The First Amendment: Freedom of the Press
Freedom of the press often presents a conflict of rights. On the one hand is the public's right to know, and on the other is the right of the government to secrecy in certain circumstances, the right of individuals to privacy, and the right of defendants to a fair trial. In addition, an individual may have personal and moral sensibilities that the press should not offend. Laws tackling these polarities fall under the headings of prior restraint and subsequent punishment.
Laws that call for prior restraint are basically censorship laws that prevent the publication of information before it is officially released. The most famous case in recent years involved the Pentagon Papers in 1971. Daniel Ellsberg, a Defense Department contractor, leaked the 47-volume report on American policy in Vietnam to The New York Times and The Washington Post. When the Nixon administration learned that the newspapers were going to publish excerpts from the report, it sought a court injunction to prevent publication. The Supreme Court ruled that prior restraint was an unconstitutional restriction on the freedom of the press.
Subsequent punishment laws hold publications accountable for the information they publish. They may influence a publisher to think seriously about whether a story is libelous, slanderous, or obscene. Publishing statements that are malicious, untrue, and harmful to a person's reputation is called libel. When such statements are spoken, they are called slander. Celebrities and elected officials are often described negatively in the press. The Supreme Court has ruled that such stories can be considered libelous or slanderous only if it can be proved that they were published without regard for the truth or falsity of the statements. This is a difficult standard, and tabloids thrive on making outrageous claims about public figures. Recent cases have narrowed the definition of public figures, compelling the press to prove it was not malicious in making allegedly libelous statements.
The Supreme Court has also maintained that obscene materials, in words or pictures, are not protected under the First Amendment. The problem is defining what is obscene.
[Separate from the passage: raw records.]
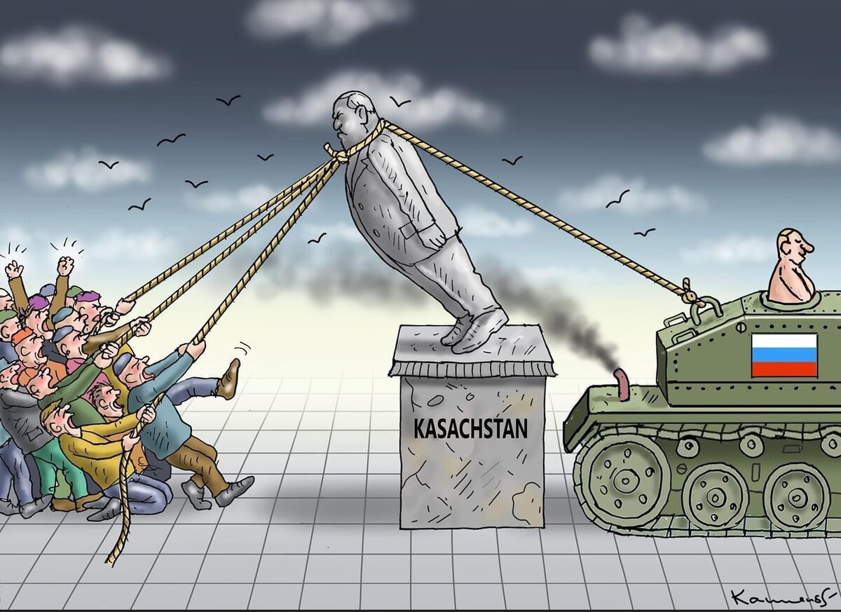 Австрийский карикатурист Мариан Каменский представил свою новую работу, где высмеял протесты в Казахстане и возможную роль Путина в их прекращении. В западном сегменте интернета карикатура набрала огромное число откликов и комментариев. Давайте почитаем самые интересные из них. Румынский пользователь спрашивает: "Главный вопрос: почему Путин без рубашки?" Ему отвечают: Вспомни фото, где Путин едет на лошади в таком виде. Вот откуда корни. А вот что пишет француз: В принципе все логично! Россия не может потерять Байконур и ей важны поставки урана. Поэтому неудивительно, что Путин не собирается бездействовать и отдавать Казахстан под сферу влияния США или Китая. Далее итальянец: Не будьте так наивны! За протестами стоит сам Токаев, и для граждан Казахстана ничего не изменится. Следующий комментарий из Латвии: Путин не в состоянии содержать свои марионеточные государства? Видимо все деньги ушли на Крым. Далее соседняя Эстония: Карикатура отстой. Упрощает всё и пропагандирует неверное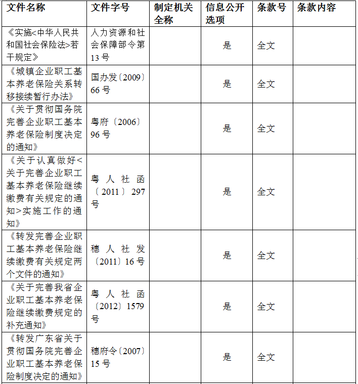 3.《关于完善我省企业职工基本养老保险继续缴费规定的补充通知》(粤人社函〔2012〕1579号)规定:一、《社会保险法》实施后达到法定退休年龄但参加养老保险缴费年限未达到按月领取基本养老金条件,且按照《国务院办公厅关于转发人力资源和社会保障部财政部城镇企业职工基本养老保险关系转移接续暂行办法的通知》(国发〔2009〕66号)确定广东省为待遇领取地的参保人,本省户籍的按《关于贯彻国务院完善企业职工基本养老保险制度决定的通知》(粤府〔2006〕96号,以下简称96号文)第三条第(四)项第二款的规定确定继续缴费地;外省户籍的在最后参保地按规定继续缴费;继续缴费地一经确定不再改变。二、按月继续缴费的标准按96号文的规定执行,即“参照城镇个体工商户和灵活就业人员的费基、费率继续缴费”。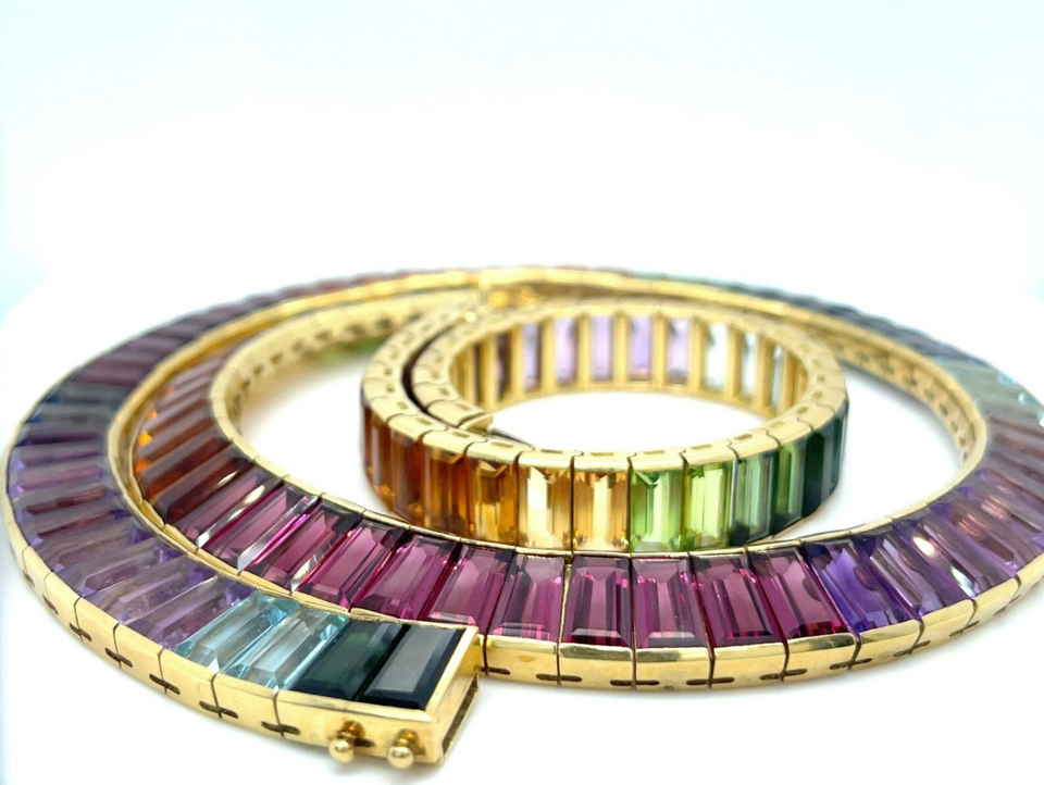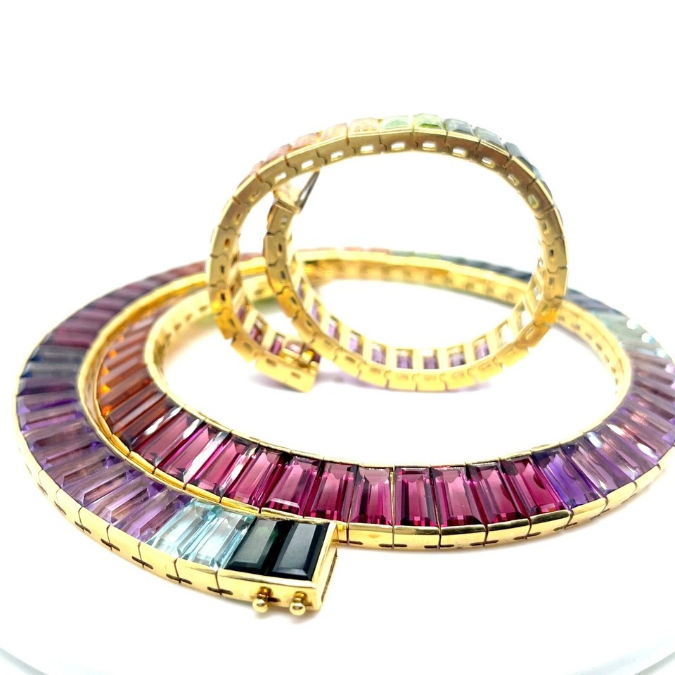 Beautiful 18k Yellow Gold Rainbow Multi-Gem Necklace and Bracelet Set

The Warren Court adopted a variable standard that set specific limits on obscenity based on the circumstances of publication and distribution. Pornography sold in an adult bookstore that limits entry to persons 21 years of age and older is legal, but showing a pornographic film to an unsuspecting audience is not. Efforts to find a clearer standard have not been successful. The Court has not been willing to turn the definition of obscenity entirely over to community standards.
The Court has consistently found child pornography unacceptable. The Internet has proved a difficult challenge to First Amendment issues. Congress's attempts to protect minors from pornographic material available through the Internet usually failed to win approval from the Court. An important exception was the Children's Internet Protection Act (2000), which requires schools and libraries receiving federal funds for technology to install filtering software on their computers to block access to adult materials.